September 05, 2012

Charlotte's Web, or the Riddle of the Major Parties

One must not engage in "false equivalence" between the conventions of the two major parties; I have been preemptively warned off such a course by the growling arbiter of all things ethical, Paul Krugman of the New York Times.  The Democrats are good people, the Republicans are evil.

Yet how can one call the party of the White Christians evil?  It seems like a contradiction in terms.  I think what works better (and this gets us past made-for-controversy Manichean dualities such as those indulged in by Krugman) is to look at it this way: the Democrats are the party of Human Perfectibility; the Republicans are the party of Humans After the Fall.  Democrats, in their official outlook, tend to see humans as inchoate saints who just need the support and help of society to become fully realized.  This is an Enlightenment ideal.  On the other hand, the GOP sees the "help and support of society" as the main problem; it tends to produce a nation of dependent, lazy, handout-chasing slackers.

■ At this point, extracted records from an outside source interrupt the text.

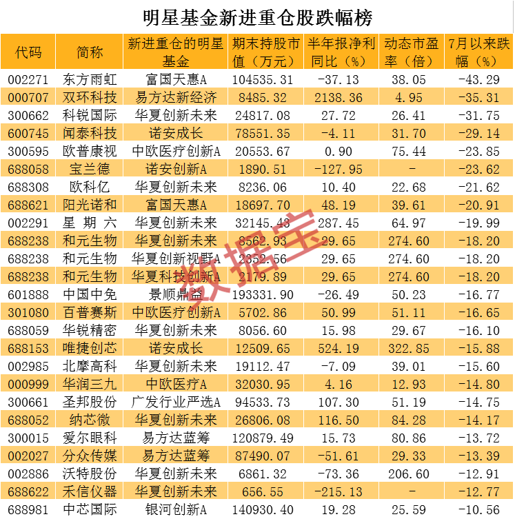包括蔡嵩松、葛兰、刘彦春等明星基金经理,有8只二季度新进重仓股7月以来大跌超20%。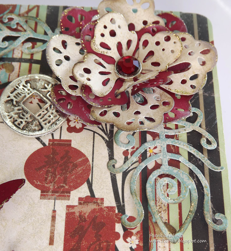 Los papeles usados han sido la colección Bo Bunny Serenity, unos papeles muy bonitos, pero algo complicados de combinar, por los potentes estampados.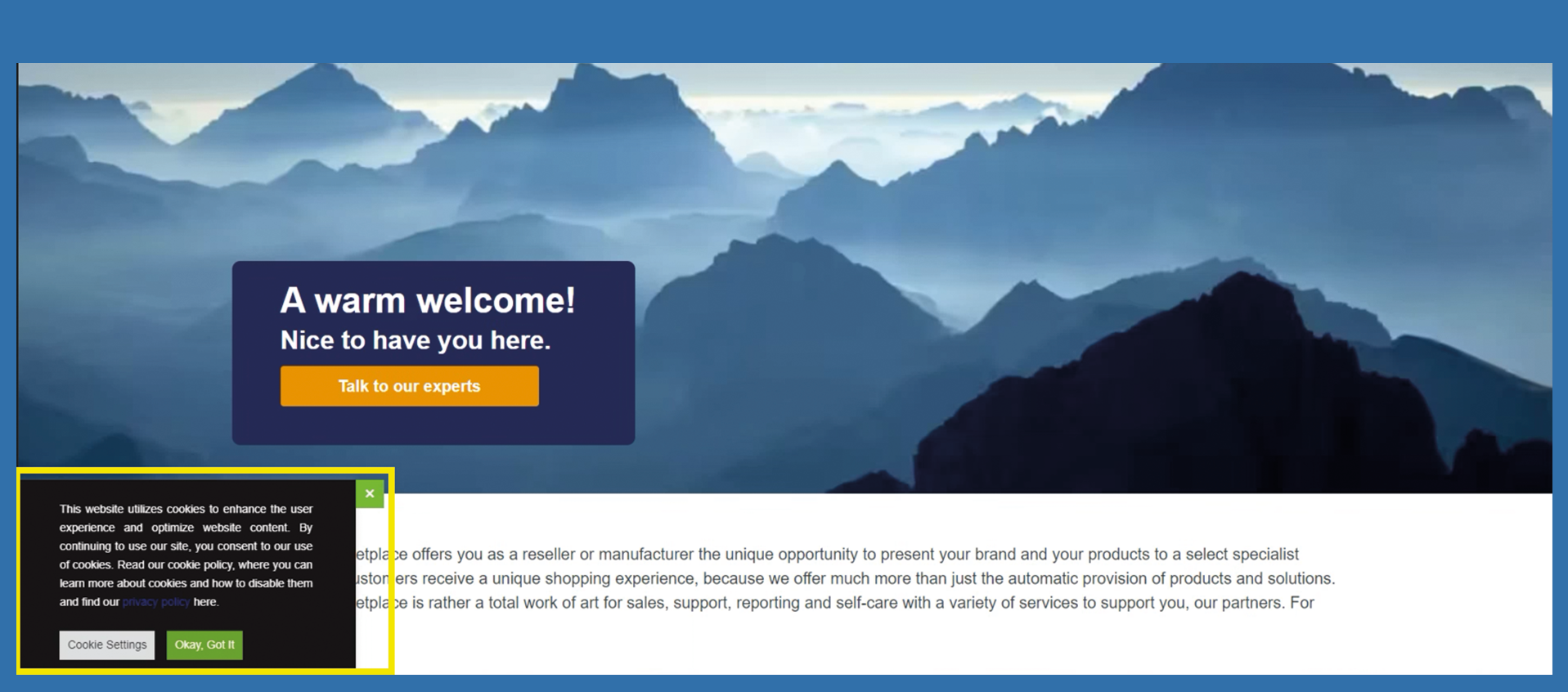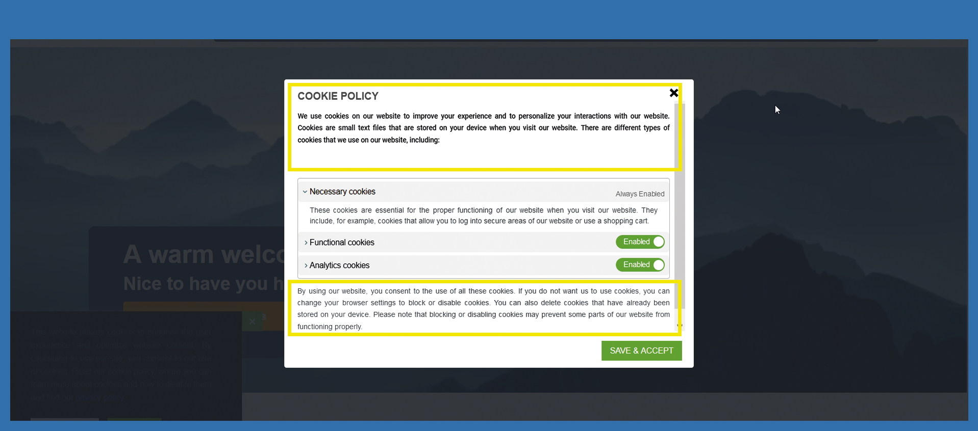 In the following description we show you sample texts and where exactly they are displayed in the cookie banner on your homepage.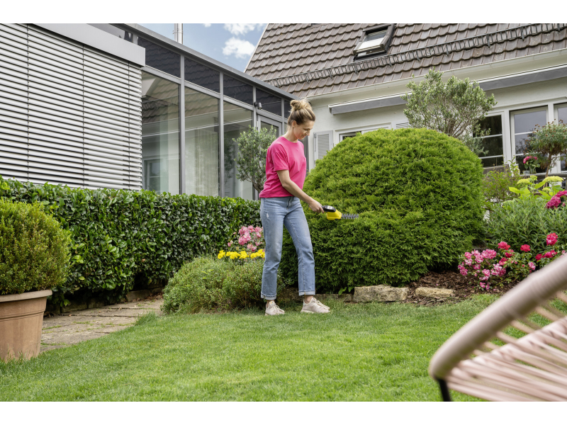 Nůžky na trávu KÄRCHER GSH 2 Plus Battery jsou vybaveny 8 cm širokým nožem, který umožňuje snadné a precizní stříhání okrajů trávníku podél cest, záhonů nebo terasy. K tvarování zahradních keřů slouží nůž na keře o délce 11 cm.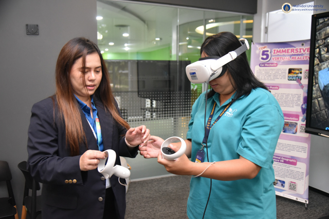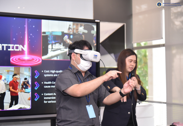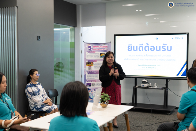หอสมุดและคลังความรู้มหาวิทยาลัยมหิดล โดย คุณอังคณา อินทรพาณิชย์ รองผู้อำนวยการฝ่ายบริหารและพัฒนาคุณภาพ และคุณอุษณีย์ เพ็งเที่ยง รองผู้อำนวยการฝ่ายทรัพยากรและคลังความรู้ ให้การต้อนรับคณะผู้ศึกษาดูงานจากงานสารสนเทศและห้องสมุดสตางค์ มงคลสุข สำนักงานคณบดี คณะวิทยาศาสตร์ มหาวิทยาลัยมหิดล นำโดย อาจารย์ ดร.ธน เตชะเลิศไพศาล ผู้ช่วยคณบดีฝ่ายสารสนเทศ พร้อมด้วยบุคลากรคณะวิทยาศาสตร์ มหาวิทยาลัยมหิดล จำนวนทั้งสิ้น 9 ท่าน ในโอกาสเข้าศึกษาดูงาน VR for Education ในวันศุกร์ที่ 18 กรกฎาคม พ.ศ. 2568 ณ ห้อง VR Space ชั้น 1 อาคารหอสมุดและคลังความรู้ฯ ศาลายา โดยมีวัตถุประสงค์เพื่อศึกษาและแลกเปลี่ยนเรียนรู้รูปแบบการบริการเทคโนโลยีแว่น VR เพื่อนำไปปรับใช้และพัฒนาบริการให้สอดคล้องกับคณะวิทยาศาสตร์ มหาวิทยาลัยมหิดลต่อไป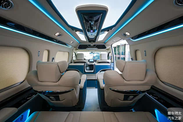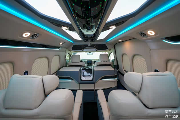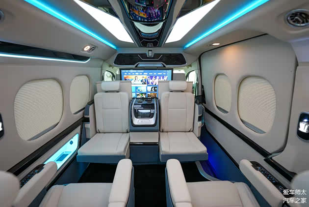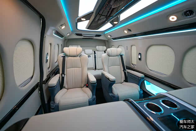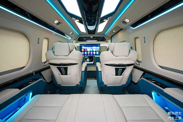 搭配24英寸吸顶电视、卡拉OK系统、220V电源接口、车载Wi-Fi等配置,满足移动办公、影音娱乐等多元需求。左侧滑门区域设有180度旋转电动小桌板,集成无线充电与折叠杯架;尾箱暗藏抽拉式咖啡机与专属冷柜,冰镇香槟随时待命,将日式“款待之心”融入每一处细节。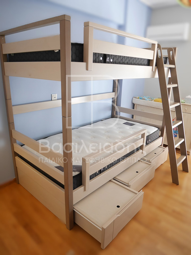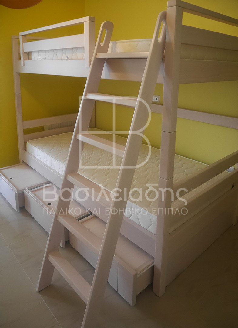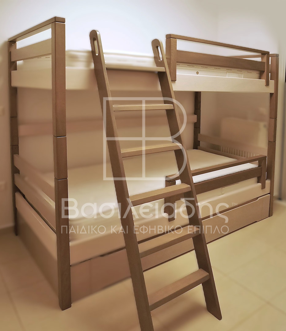 Κουκέτα εξ΄ολοκλήρου από μασίφ ξύλο οξιάς. Τα κρεβάτια είναι διαιρούμενα σε δύο ανεξάρτητα. Η σκάλα γίνεται ή λοξή ή κάθετη. Η κουκέτα προτείνεται σε απλή διώροφη ή με προσθήκη 3ου συρόμενου κρεβατιού, ή με προσθήκη τριών ανεξάρτητων συρταριών αποθήκευσης, για κάλυψη της αντίστοιχης ανάγκης με μία από τις προτάσεις μας. Η κουκέτα κατασκευάζεται σε μονή διάσταση 100cm, ή σε ημίδιπλη διάσταση 110cm εξωτερικά και μήκος ή 200cm ή 212cm. Mεγάλη ποικιλία οικολογικών διάφανων και μη, χρωματικών επιλογών.

In reality, neuroscience and anthropology (basic biology, for that matter) would not support either of these views of Homo sapiens (although it might be closer to the Republican view).  Human beings are animals which, in very recent times historically speaking, have organized themselves into complex civilizations with interdependent functions.  What we are learning now is that this is not actually a "human" way to live at all.  It's just that the human life span is so short in terms of the epochal transformations of civilization that we have no individual frame of reference by which to judge whether this manner of living is "normal."  There are all kinds of signs that it is not, such as population overshoot, destruction of the natural habitat (i.e., Earth), global warming, oil shortages, alienation of the populace from one another, the threat of nuclear annihilation, and gross worldwide obesity in all the "modern" civilizations. 

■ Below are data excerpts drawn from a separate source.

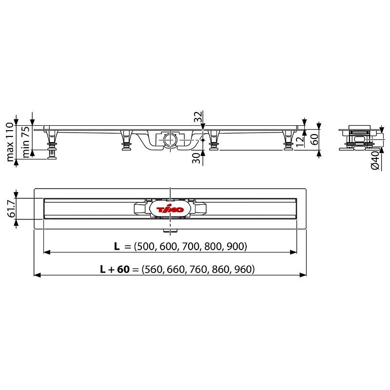 Лоток душевой Timo горизонтальный SP10 960x110xDN40 без решетки, ABS, пороги из нерж.ст. (SP10-900)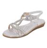 Women Sandals Flat Fashion Rhinestone Summer Sandals Shoes Solid Color Casual Summer Shoes Open-toed Wedge Shoes Woman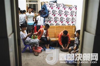 睡覺前,因為寢室沒有熱水,球隊里的小球員來到馬順洗的房間里洗腳。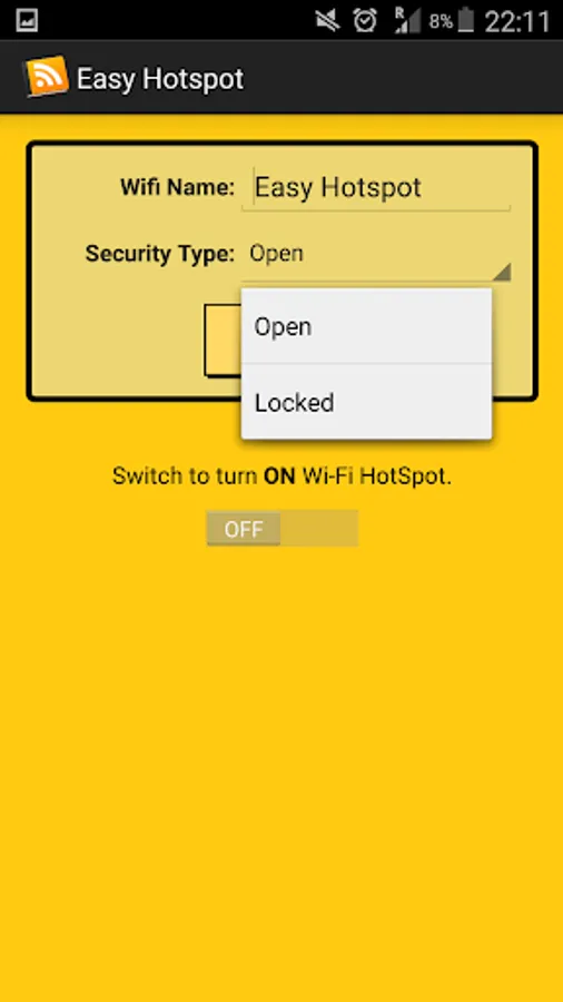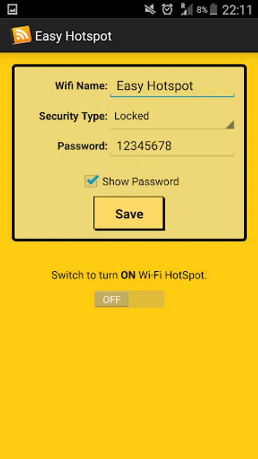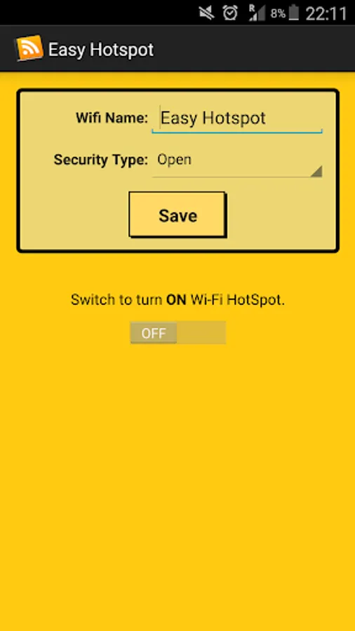 3. Press "ON" to start. Press "OFF" to stop easy hotspot.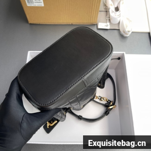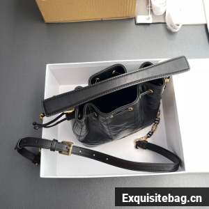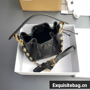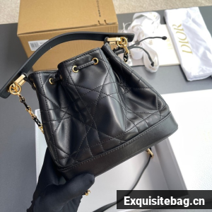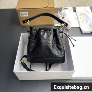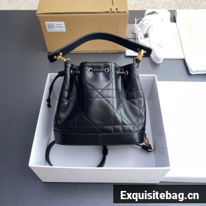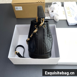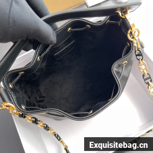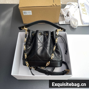 New for Fall 2024, the Dior Jolie bucket bag is a modern creation. Constructed in black calfskin and lambskin with Macrocannage stitching, it has a drawstring closure and spacious interior. Featuring a removable black leather top handle and adjustable, removable CD link chain in gold-finish metal accented by resin pearls, the small contemporary bag can be carried by hand, worn over the shoulder or crossbody.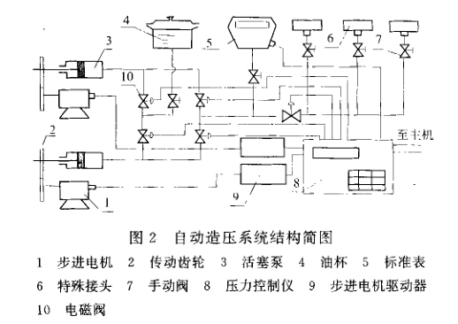 系統采用兩臺步進電機帶動兩臺活塞壓力泵造 壓,目的是提高造壓速度,以適應多臺表同時檢定或某 些要求用油量較大的場合。其中一臺活塞壓力栗處于 造壓階段時(即向油路注油).另一臺處于造壓準備階 段(即從油杯中吸油)。處于造壓階段的步進電機由單 片機經D/A轉換器及V/F轉換電路進行控制,處于 造壓準備階段的步進電機則由邏輯電路(阻容充/放電 電路與V/F轉換電路)控制。油路的切換采用電磁閥 控制,其優點是密閉性好,從而保證系統有較高的造壓 速度和靜態壓力穩定性。系統在被檢表與標準表油路 間加裝電磁閥,目的是在造壓換栗前切斷被檢表油路 與造壓油路間的聯系。待換泵完成,且造壓油路重新恢 復換泵前壓力時,再將電磁閥打開,這樣可消除換栗過 程中可能產生的系統壓力波動。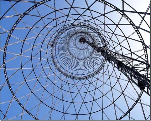 Телебашня на Шаболовке строилась в 1919-1922 гг., к открытию Генуэзской конференции. По первоначальному замыслу ее высота должна была составить 350 м, однако из-за дефицита металла пришлось ограничиться 160 м. Использованные инженером Владимиром Шуховым гиперболоидные конструкции значительно уменьшили массу башни. В 1922 г. началась трансляция радиопередач, с 1939 г. — телевизионных программ.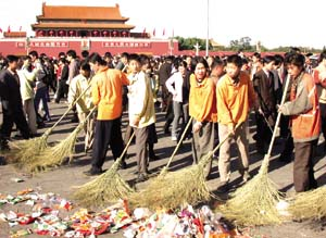 “我們前面掃過去,發(fā)小廣告的在后面發(fā),掃的還沒有發(fā)的快!弊蛱,東城區(qū)環(huán)衛(wèi)局專業(yè)管理科張德良這樣抱怨道,“我們東城、西城等四個區(qū)的環(huán)衛(wèi)工人在天安門廣場從早上5點到晚上9點連續(xù)作業(yè),也掃不凈!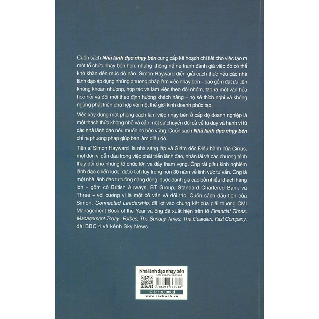 ️Về tác giả, Tiến sĩ Simon Hayward là nhà sáng lập và Giám đốc điều hành của Cirrus, một đơn vị dẫn đầu trong việc phát triển lãnh đạo, nhân tài và các chương trình thay đổi cho những tổ chức lớn và đầy tham vọng. Ông rất giàu kinh nghiệm lãnh đạo chiến lược, được tích lũy trong hơn 30 năm về lĩnh vực tư vấn. Ông là một nhà lãnh đạo tư tưởng năng động, được đánh giá cao bởi nhiều khách hàng lớn."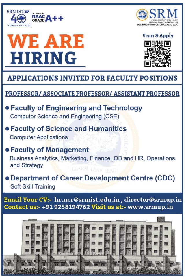 Teaching Jobs vacancy notification announced by SRM Institute of Science & Technology, Delhi NCR Campus, Ghaziabad for Professor/ Associate Professor/ Assistant Professor. Eligible candidates may Email / Online

Thus producing the "Age of Anxiety" as the chief characteristic of modern life in an advanced culture. The Democrats and Republicans do not deal with such issues in their platforms or in their speeches.  That is because these two political behemoths are fully vested in the continuation of a top-down, bureaucratic Big Government as the solution to everything, continuing an approach based on the "organic society" in which the very basic things (food and energy) are produced by a tiny sliver of the overall population, while the rest of humanity engages in some "specialty" that earns money through which to participate in the "consumer economy."  As I say, we've gotten so used to this that we can't see that human beings have any alternatives, and none is ever offered from the dais of either the Donkeys or Elephants.

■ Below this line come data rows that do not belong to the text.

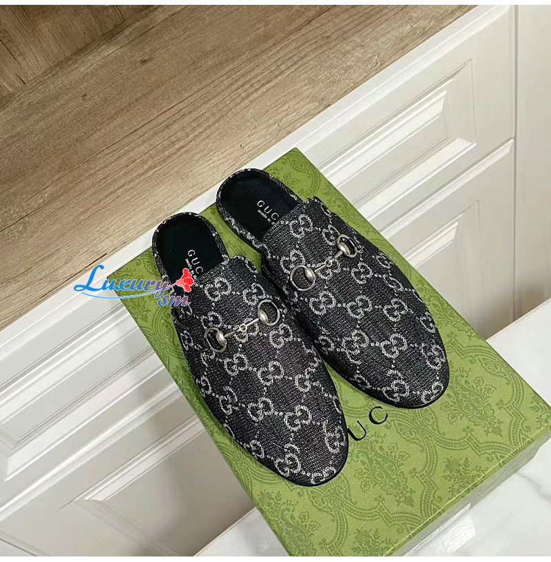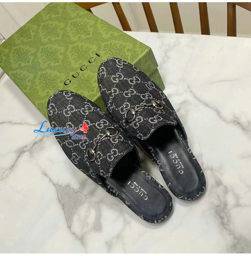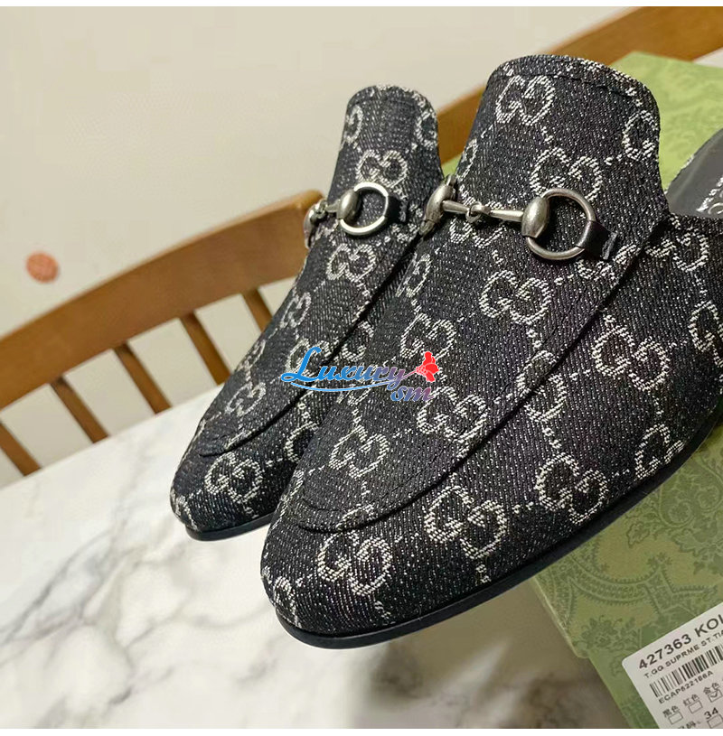 GUCCI-771592 8446 구찌 블랙 프린스타운 GG 슬리퍼 여성용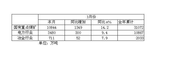 2008年3月我國煤炭銷量情況統(tǒng)計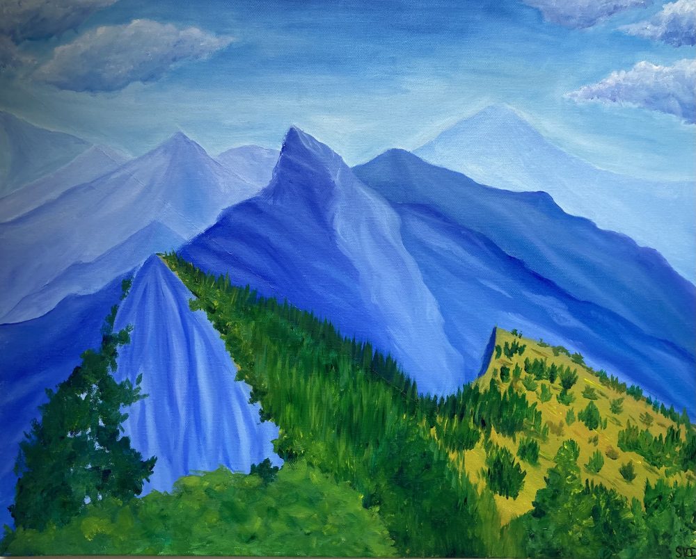 This oil painting was made for the class project Atmospheric Perspective. For this paining we tried to capture the depth through the use of color. I first mapped out the general idea of what I wanted, then added layers of different colors in the attempt to add depth and detail. At first I was trying to make it very realistic but then I let myself have fun making the mountains with loose movements. Making it in my opinion fun and expressive.

Thus, the two major parties simply engage in fables, literally "fabulous" tales of rags to riches that recount one period of historic dominance (post-World War II to about 1973, when the first oil shock hit) which happens to coincide with the cultural memory of most of the old pols still running the machinery of the Big Two.  This is an instance of the Parallax of Nostalgia (trademark forever pending).  The speeches of Ann Romney, Paul Ryan, Mitt Romney, Julian Castro and Michelle Obama all fit into this matrix.  I have no doubt that Barack will not disappoint.  I get the sense that the speechwriters are all using some proprietary software called SpeechMaker 2.0 which tells them exactly where to put the tearful pause when talking about the sacrifices of Mom, just before mentioning that the speaker was the first in the family to go to college, just before casually dropping that the college in question was Harvard.  It all seems like some strange hybrid between Dancing With The Stars and a Chautauqua Revival tent.  The production values are all from Reality TV, and the "scoring" by the panel (Chris Matthews, Rachel Maddow, et al.) are all based on the quality of the "performance."

Granted, the speeches need to be performances to get anybody to watch these things; but the curmudgeonly question that remains for me is, what does any of this have to do with anything? How does it address any of those urgent questions listed up above?  And one other thing: if we're really honest, hasn't the fantasy of the "American Dream" had as much to do with producing that string of nightmares as any other cultural force in history?  What the GOP and the Dems want is more of the same, only on steroids, as the U.S.A. throws open its doors of opportunity to the world at large and becomes the Cesspool of Last Resort.